Supplied data START

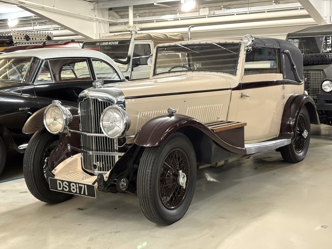 The car on display is not standard, having a tuned engine with three SU carburettors. It’s also one of only two fitted with the 'Sedanca coupé' body built by the London firm Corsica Coachworks. The term 'Sedanca' indicates that the front portion of the roof folds back, whilst the rear part is fixed.
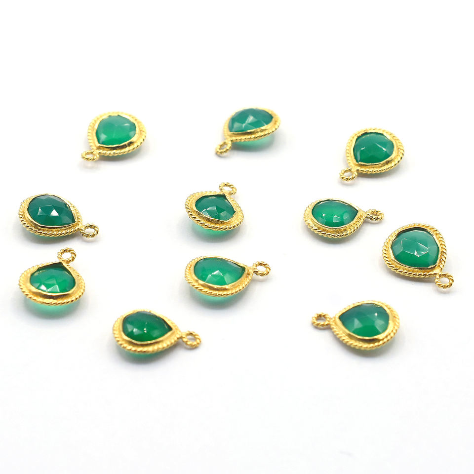 Product Name:Green Onyx Heart Shape Silver Bezel Gold Plated Pendant
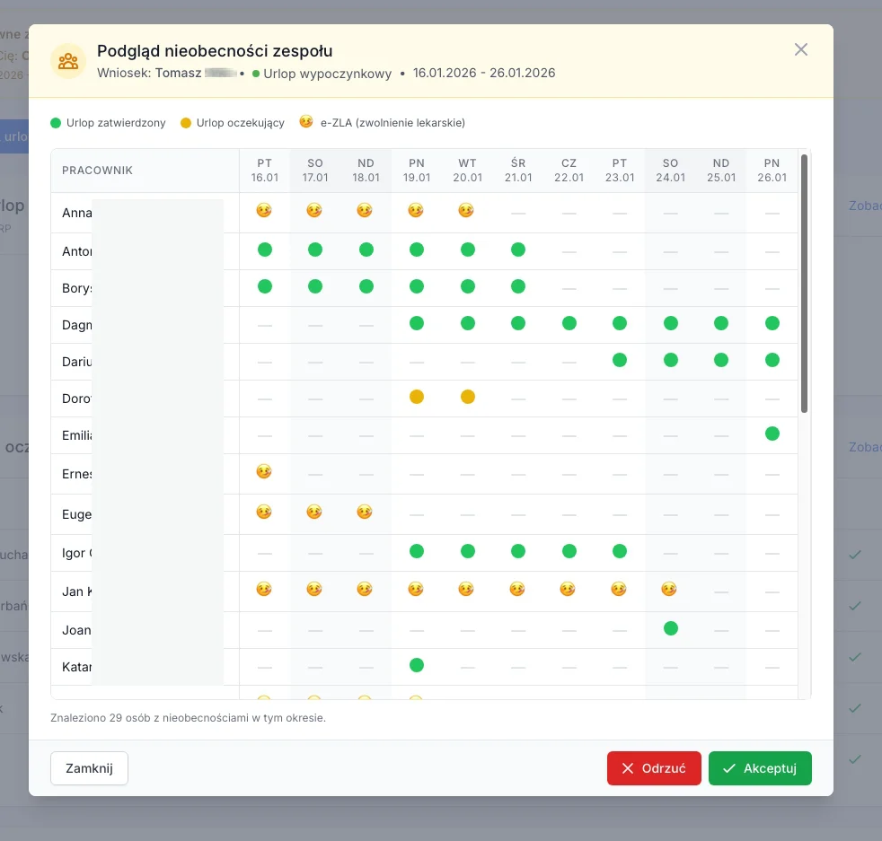 Przy akceptacji wniosku manager widzi, kto z zespołu jest już nieobecny w tym samym czasie. Pomaga unikać sytuacji, gdy zbyt wiele osób jest na urlopie jednocześnie.
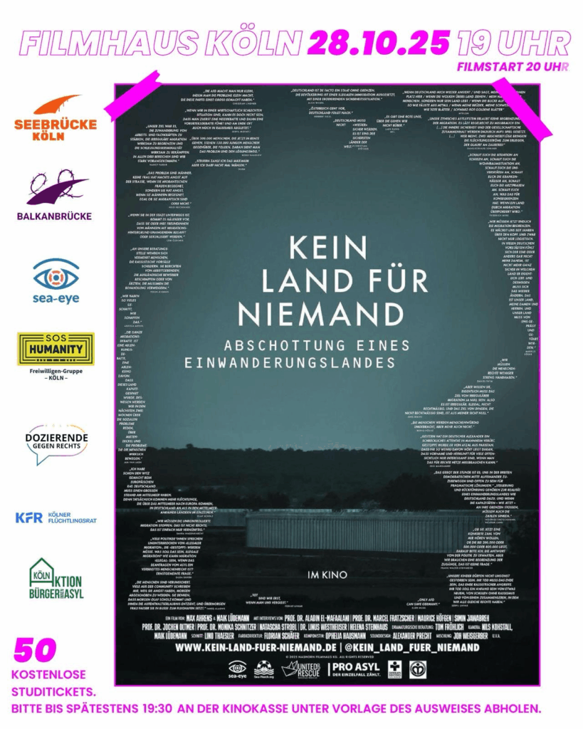 Am 28.10.25 um 20 Uhr zeigen wir gemeinsam mit anderen solidarischen Gruppen aus Köln den Film „Kein Land für Niemand“ im Filmhaus in Köln. Es ging richtig schnell und die regulären Tickets sind alle schon verkauft. ABER für Studis gibt es noch eine großartige Option: es sind 50 kostenlose Tickets an der Abendkasse (ab 19 Uhr), die gegen einen Studiennachweis ausgegeben werden. Kommt also nicht auf den letzten Drücker! Wir freuen uns!
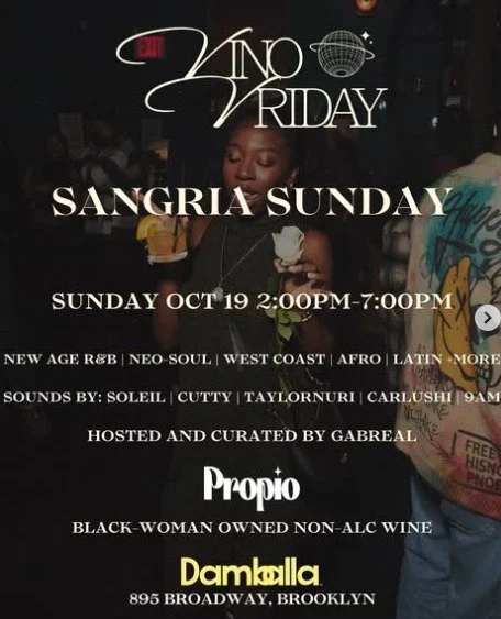 Vino Vriday: Sangria Sunday Sunday, October 19, 2025 2:00 PM 7:00 PM Google Calendar ICS Time: 2:00 pmLocation: Damballa, BrooklynInfo: TICKETS
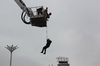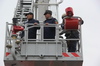 Зрители также смогли посмотреть на работу пожарного коленчатого автомобиля-подъёмника с лестницей, который предназначен для доставки к месту проведения спасательных работ. Высота подъёмной люльки может достигать до 32 метров, а максимальная грузоподъёмность до 4 человек.
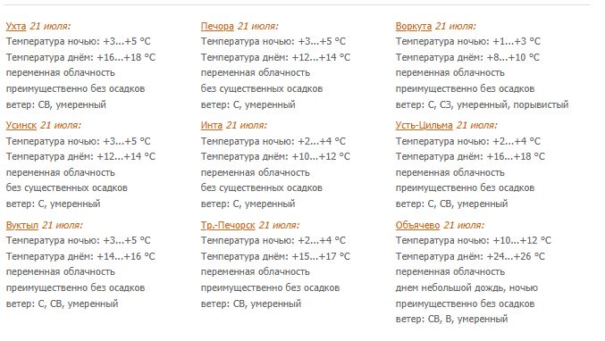 В Сыктывкаре переменная облачность. Преимущественно без осадков. Ветер северо-восточный, восточный 4-9 м/с. Температура ночью +10...+12°С, днем +21...+23°С.
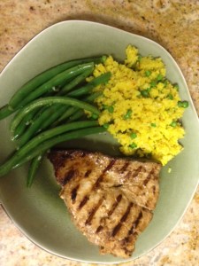 Great fish recipe from my friend Missy, which you can see at her site, Recipes by Missy. This would probably work pretty well with any sturdy fish steak. I served this with saffron rice and garlic green beans.
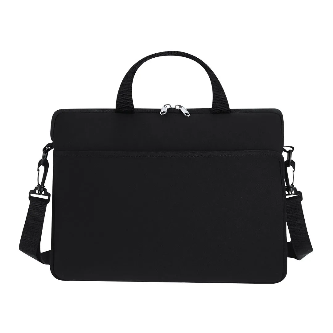 Funda para ordenador portátil confeccionada en soft shell, con compartimento principal acolchado para dispositivos de hasta 14 pulgadas. Diseñada con cierre de cremallera de doble tirador y un práctico bolsillo exterior de acceso rápido. Fácil de transportar gracias a sus asas de mano, cinta para hombro ajustable y cinta trasera para trolley.
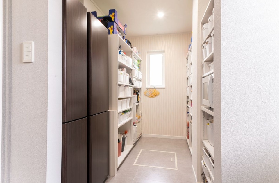 キッチンの横には約4畳の大きなパントリーを完備。冷蔵庫や電子レンジもピッタリ収まっています。食品をはじめ掃除用具なども収納して家全体の生活感をなくしました。
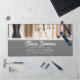 Stylish desk mat has top photographic border of hair stylist tools of the trade with medium grey text area and white modern fonts.
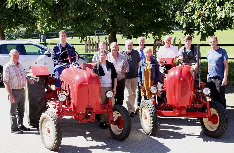 Bereits im Frühjahr 2012 rollte der erste Traktor „Porsche-Junior“ auf Gut Kellerberg in Haren an. Nun möchte Vitus den dritten Traktor restaurieren. Einrichtungsübergreifend arbeiten Schüler aus dem Berufsvorbereitungsbereich der Jakob-Muth-Schule sowie Beschäftigte der Vitus Werkstätten an dem Porsche-Projekt: Ziel ist es, mit dieser Maßnahme bei allen Beteiligten Teamfähigkeit, Durchhaltevermögen, Geschick und Improvisationsvermögen zu fördern. „Damit werden Kompetenzen gestärkt, die auch in der schulischen und berufsbildenden Arbeit vor Ort täglich benötigt werden“, erklärte Clemens Dickebohm, Bildungsbegleiter, bei dem Treffen auf Gut Kellerberg. Die Anschaffung des dritten Modells erfolgte durch die freundliche Unterstützung von Hermann Willenborg, Bürgermeister der Gemeinde Esterwegen, sowie Heinrich Otten, Gemeinderatsmitglied in Esterwegen.
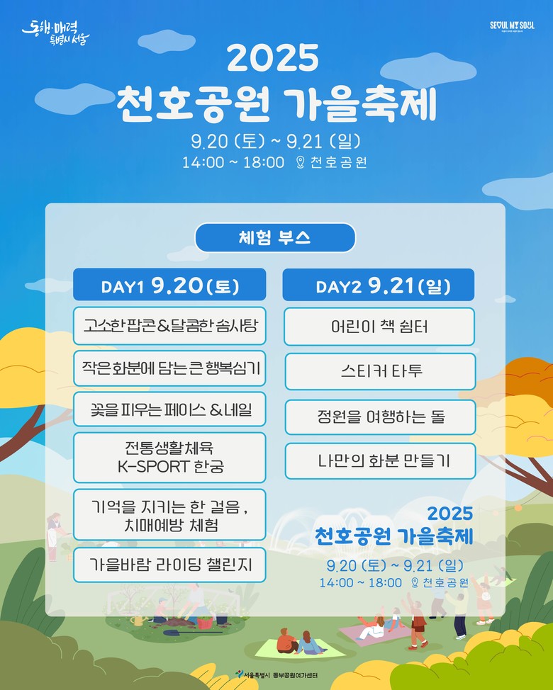 ‘2025 천호공원 가을축제’에서 준비한 모든 공연과 체험프로그램은 현장에서 누구나 무료로 참여할 수 있다.

Supplied data END

• **Directions for this task**:
Repeat, word for word, each of the records, omitting any image they hold.

• **Reply**:
 The car on display is not standard, having a tuned engine with three SU carburettors. It’s also one of only two fitted with the 'Sedanca coupé' body built by the London firm Corsica Coachworks. The term 'Sedanca' indicates that the front portion of the roof folds back, whilst the rear part is fixed.
 Product Name:Green Onyx Heart Shape Silver Bezel Gold Plated Pendant
 Przy akceptacji wniosku manager widzi, kto z zespołu jest już nieobecny w tym samym czasie. Pomaga unikać sytuacji, gdy zbyt wiele osób jest na urlopie jednocześnie.
 Am 28.10.25 um 20 Uhr zeigen wir gemeinsam mit anderen solidarischen Gruppen aus Köln den Film „Kein Land für Niemand“ im Filmhaus in Köln. Es ging richtig schnell und die regulären Tickets sind alle schon verkauft. ABER für Studis gibt es noch eine großartige Option: es sind 50 kostenlose Tickets an der Abendkasse (ab 19 Uhr), die gegen einen Studiennachweis ausgegeben werden. Kommt also nicht auf den letzten Drücker! Wir freuen uns!
 Vino Vriday: Sangria Sunday Sunday, October 19, 2025 2:00 PM 7:00 PM Google Calendar ICS Time: 2:00 pmLocation: Damballa, BrooklynInfo: TICKETS
 Зрители также смогли посмотреть на работу пожарного коленчатого автомобиля-подъёмника с лестницей, который предназначен для доставки к месту проведения спасательных работ. Высота подъёмной люльки может достигать до 32 метров, а максимальная грузоподъёмность до 4 человек.
 В Сыктывкаре переменная облачность. Преимущественно без осадков. Ветер северо-восточный, восточный 4-9 м/с. Температура ночью +10...+12°С, днем +21...+23°С.
 Great fish recipe from my friend Missy, which you can see at her site, Recipes by Missy. This would probably work pretty well with any sturdy fish steak. I served this with saffron rice and garlic green beans.
 Funda para ordenador portátil confeccionada en soft shell, con compartimento principal acolchado para dispositivos de hasta 14 pulgadas. Diseñada con cierre de cremallera de doble tirador y un práctico bolsillo exterior de acceso rápido. Fácil de transportar gracias a sus asas de mano, cinta para hombro ajustable y cinta trasera para trolley.
 キッチンの横には約4畳の大きなパントリーを完備。冷蔵庫や電子レンジもピッタリ収まっています。食品をはじめ掃除用具なども収納して家全体の生活感をなくしました。
 Stylish desk mat has top photographic border of hair stylist tools of the trade with medium grey text area and white modern fonts.
 Bereits im Frühjahr 2012 rollte der erste Traktor „Porsche-Junior“ auf Gut Kellerberg in Haren an. Nun möchte Vitus den dritten Traktor restaurieren. Einrichtungsübergreifend arbeiten Schüler aus dem Berufsvorbereitungsbereich der Jakob-Muth-Schule sowie Beschäftigte der Vitus Werkstätten an dem Porsche-Projekt: Ziel ist es, mit dieser Maßnahme bei allen Beteiligten Teamfähigkeit, Durchhaltevermögen, Geschick und Improvisationsvermögen zu fördern. „Damit werden Kompetenzen gestärkt, die auch in der schulischen und berufsbildenden Arbeit vor Ort täglich benötigt werden“, erklärte Clemens Dickebohm, Bildungsbegleiter, bei dem Treffen auf Gut Kellerberg. Die Anschaffung des dritten Modells erfolgte durch die freundliche Unterstützung von Hermann Willenborg, Bürgermeister der Gemeinde Esterwegen, sowie Heinrich Otten, Gemeinderatsmitglied in Esterwegen.
 ‘2025 천호공원 가을축제’에서 준비한 모든 공연과 체험프로그램은 현장에서 누구나 무료로 참여할 수 있다.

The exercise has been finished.